Motif Popm Unit menjadi unggulan
Industri Batik Mandau
Sumber : riauberdaulat.com (2022)
Selain motif
pumping unit, motif-motif lain yang berkembang di Batik Mandau meliputi motif
daun, bunga, dan hewan khas Melayu, seperti gajah dan burung. Motif-motif ini
tidak hanya memperkaya keindahan visual batik, tetapi juga mengandung makna
simbolis yang mendalam, seperti kekuatan, keberanian, dan kedekatan dengan
alam. Warna-warna yang digunakan pun cenderung alami dan hangat, seperti
coklat, merah bata, biru dan kuning, yang dihasilkan dari pewarna alami dari
bahan-bahan organik. Penggunaan pewarna alami ini menjadi bagian dari upaya
pelestarian lingkungan dan keberlanjutan budaya, karena selain menjaga
keaslian, juga mengurangi dampak negatif terhadap alam.
Upaya pelestarian dan pengembangan batik Mandau tidak hanya
dilakukan oleh pemerintah, tetapi juga oleh masyarakat dan organisasi lokal.
Dewi Asdinar, misalnya, adalah sosok yang sangat berperan dalam menghidupkan
kembali tradisi membatik di Mandau. Pada tahun 2025, Dewi bersama komunitas
pengrajin membentuk kelompok usaha batik yang diberi nama “Mandau Batik,” yang
fokus pada pelatihan, produksi, dan pemasaran.
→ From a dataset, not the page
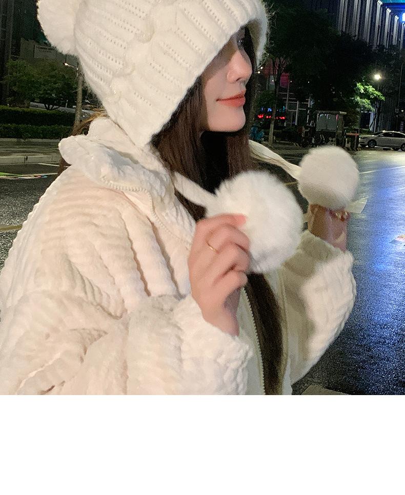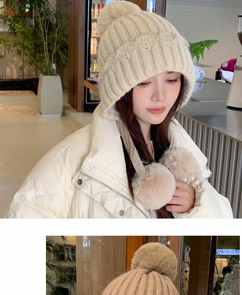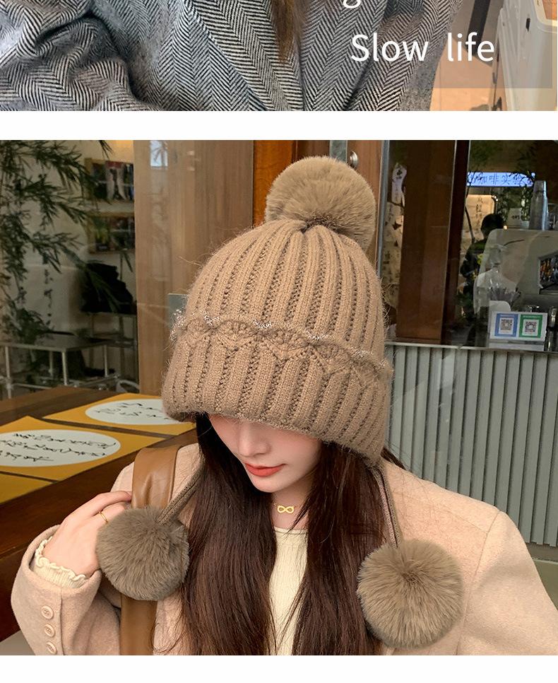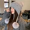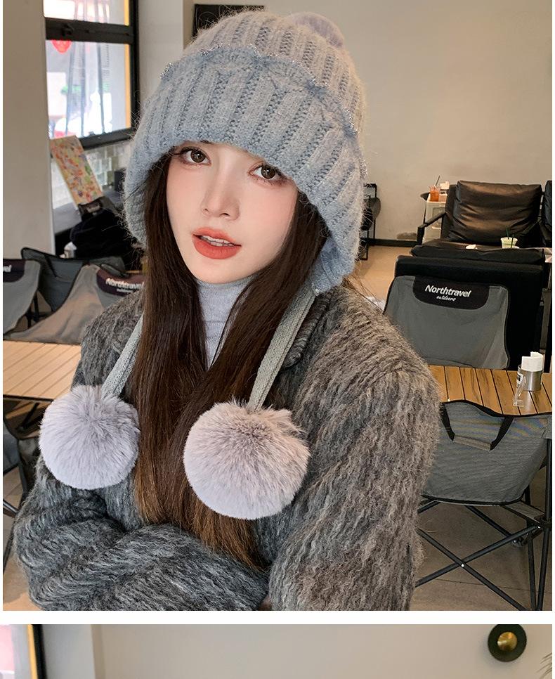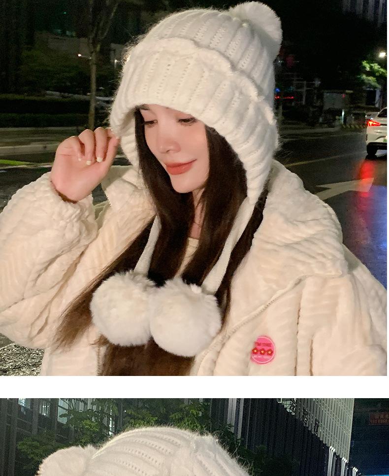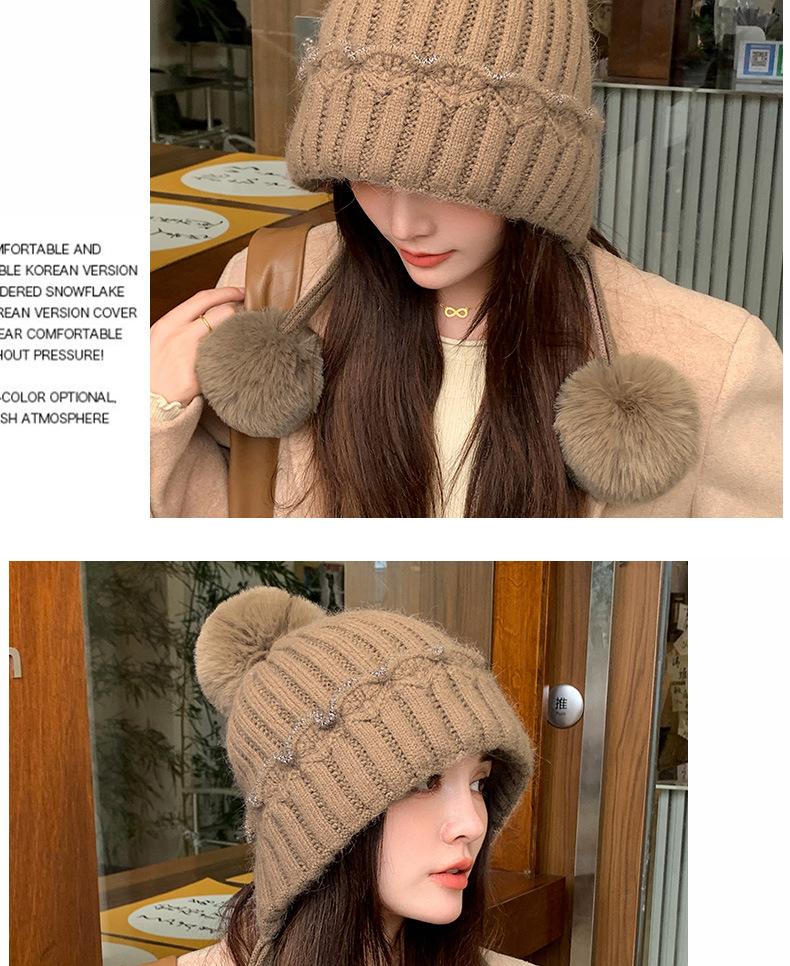 Compra Gorro de lana con forro polar de doble capa y protección auditiva a prueba de frío para mujer, de piel de conejo, tejido a mano, cálido, para otoño e invierno, estilo Lei Feng, moda coreana. al por mayor en Joom.pro

Berkat dukungan dari program
Tanggung Jawab Sosial dan Lingkungan (TJSL) PT Pertamina Hulu Rokan (PHR),
mereka mampu menyelenggarakan pelatihan membatik secara rutin dan memproduksi
batik berkualitas tinggi. Bahkan, mereka mengikuti berbagai pameran dan
festival budaya, baik di dalam maupun luar daerah, sehingga Batik Mandau
semakin dikenal dan diminati.
Selain itu, pemerintah daerah melalui Dinas Pariwisata dan Kebudayaan Kabupaten Bengkalis aktif melakukan promosi dengan menggelar acara tahunan seperti Festival Batik Mandau, yang pertama kali diselenggarakan pada tahun 2022. Festival ini menjadi ajang memperkenalkan motif-motif khas Mandau kepada masyarakat luas, sekaligus meningkatkan minat masyarakat lokal dan wisatawan untuk membeli produk batik. Pada tahun 2024, festival ini dihadiri oleh lebih dari 10.000 pengunjung dari berbagai daerah, dan mampu meningkatkan omzet penjualan batik Mandau hingga 30%. Melalui berbagai upaya ini, batik Mandau tidak hanya menjadi warisan budaya yang dilestarikan, tetapi juga menjadi sumber ekonomi yang berkelanjutan bagi masyarakat.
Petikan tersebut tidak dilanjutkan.